## Work to be completed
Leaving all pictures aside, copy exactly the lines from the start of the listing below through the line that contains "A special evening", and only those lines.

## Information shown
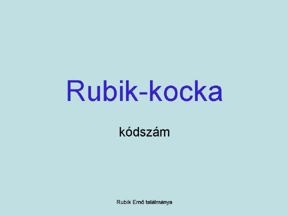 Prezentáció Készítsd el a minta szerinti bemutatót! 1. Állíts be egyszínű, halványkék hátteret a bemutató minden diájára! 2. Állítsd be az 1. dián a címet Arial típusúra, a betűszín legyen sötétkék, a betűméret 72 pont! 3. Az 1. dia alcíme a kódszámod legyen! 4. A 2. dia címe legyen Comic Sans Ms, narancsszínű, 44 pontos! 5. A 2. dia jobb felére illeszd be a „kocka.jpg” képet! 6. A „kocka.jpg” kép körüli vonal legyen 3 pont, dupla vékony, bordó színű! 7. A „kocka.jpg”képen „Forgás” típusú animáció legyen! 8. A 2. dián a felsorolás bekezdései vetítéskor egyenként jelenjenek meg „leereszkedik” típusú animációval! 9. Cseréld le a 2. dián a felsorolásjelző szimbólumokat narancssárga színű „” jelekre! 10. Írd be az élőlábba a „Rubik Ernő találmánya” feliratot úgy, hogy mindegyik dián megjelenjen! 11. Állíts be mindegyik diára 3 másodpercenkénti automatikus továbbítást és „törlés lefele” típusú áttűnést! 12. A 3. diára készítsd el az összekevert kocka elölnézetét! A négyzeteket színezd ki hat különböző színnel (piros, sárga, kék, zöld, fekete, fehér), majd csoportosítsd az ábrát! 13. Az állományt mentsd el a kész mappába! Az állomány neve a kódszámod legyen, ppt kiterjesztéssel! ![]()
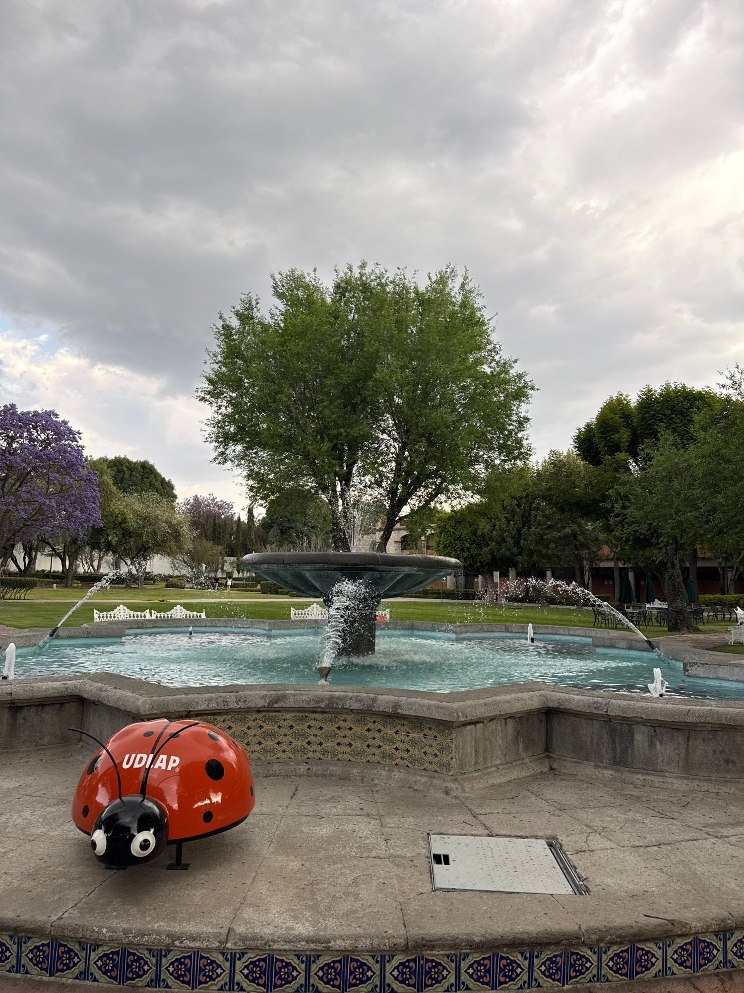 This image depicts a public park scene in San Andrés Cholula, Mexico, under an overcast sky. In the immediate foreground, an octagonal fountain with a multi-tiered bronze basin sprays water from sever…read more
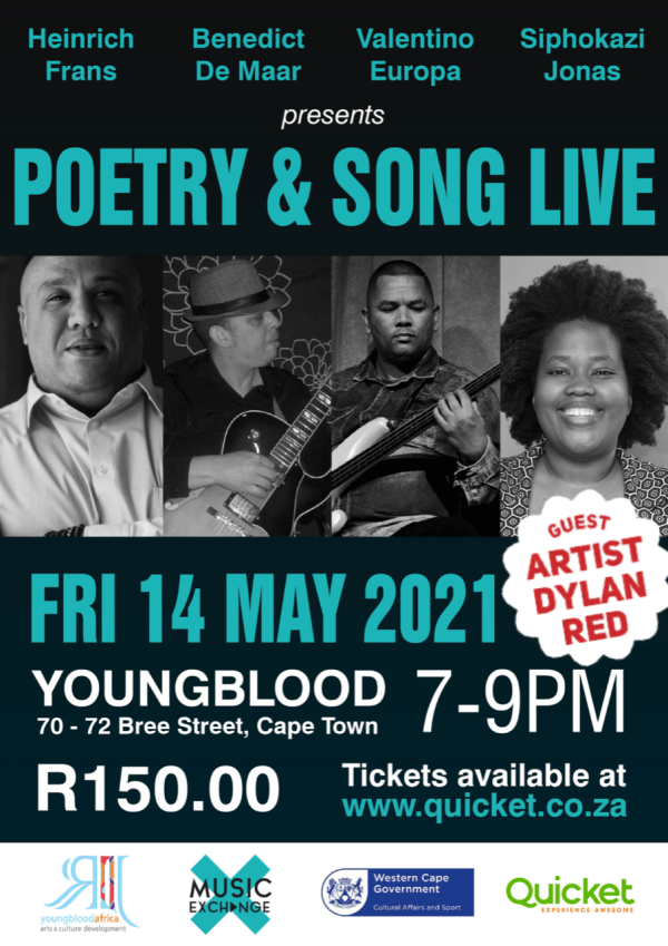 A special evening of Poetry and Song with the inimitable Siphokazi Jonas, Dylan Red, Heinrich Frans, Benedict De Maar and Valentino Europa. https://www.youtube.com/watch?v=il2cYCqqHUI
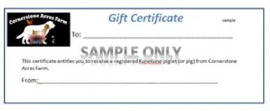 Home raised pork. We are now raising the amazing Kunekune pig for pork. Each full share holder will get approximately 20-30# of pork packaged to your specifications. Each half share holder will get approximately 10-15#. Weight will also be dependent on the time of year our piglet crop is born. Generally we have one litter every 9 months. Sausage can be made at no extra charge. (If you choose to have your meat smoked that IS an additional charge.) You will also get approximately 2-4# of lard if you so choose (so many uses for that lard!).

## Answer to the problem
 Prezentáció Készítsd el a minta szerinti bemutatót! 1. Állíts be egyszínű, halványkék hátteret a bemutató minden diájára! 2. Állítsd be az 1. dián a címet Arial típusúra, a betűszín legyen sötétkék, a betűméret 72 pont! 3. Az 1. dia alcíme a kódszámod legyen! 4. A 2. dia címe legyen Comic Sans Ms, narancsszínű, 44 pontos! 5. A 2. dia jobb felére illeszd be a „kocka.jpg” képet! 6. A „kocka.jpg” kép körüli vonal legyen 3 pont, dupla vékony, bordó színű! 7. A „kocka.jpg”képen „Forgás” típusú animáció legyen! 8. A 2. dián a felsorolás bekezdései vetítéskor egyenként jelenjenek meg „leereszkedik” típusú animációval! 9. Cseréld le a 2. dián a felsorolásjelző szimbólumokat narancssárga színű „” jelekre! 10. Írd be az élőlábba a „Rubik Ernő találmánya” feliratot úgy, hogy mindegyik dián megjelenjen! 11. Állíts be mindegyik diára 3 másodpercenkénti automatikus továbbítást és „törlés lefele” típusú áttűnést! 12. A 3. diára készítsd el az összekevert kocka elölnézetét! A négyzeteket színezd ki hat különböző színnel (piros, sárga, kék, zöld, fekete, fehér), majd csoportosítsd az ábrát! 13. Az állományt mentsd el a kész mappába! Az állomány neve a kódszámod legyen, ppt kiterjesztéssel! ![]()
 This image depicts a public park scene in San Andrés Cholula, Mexico, under an overcast sky. In the immediate foreground, an octagonal fountain with a multi-tiered bronze basin sprays water from sever…read more
 A special evening of Poetry and Song with the inimitable Siphokazi Jonas, Dylan Red, Heinrich Frans, Benedict De Maar and Valentino Europa. https://www.youtube.com/watch?v=il2cYCqqHUI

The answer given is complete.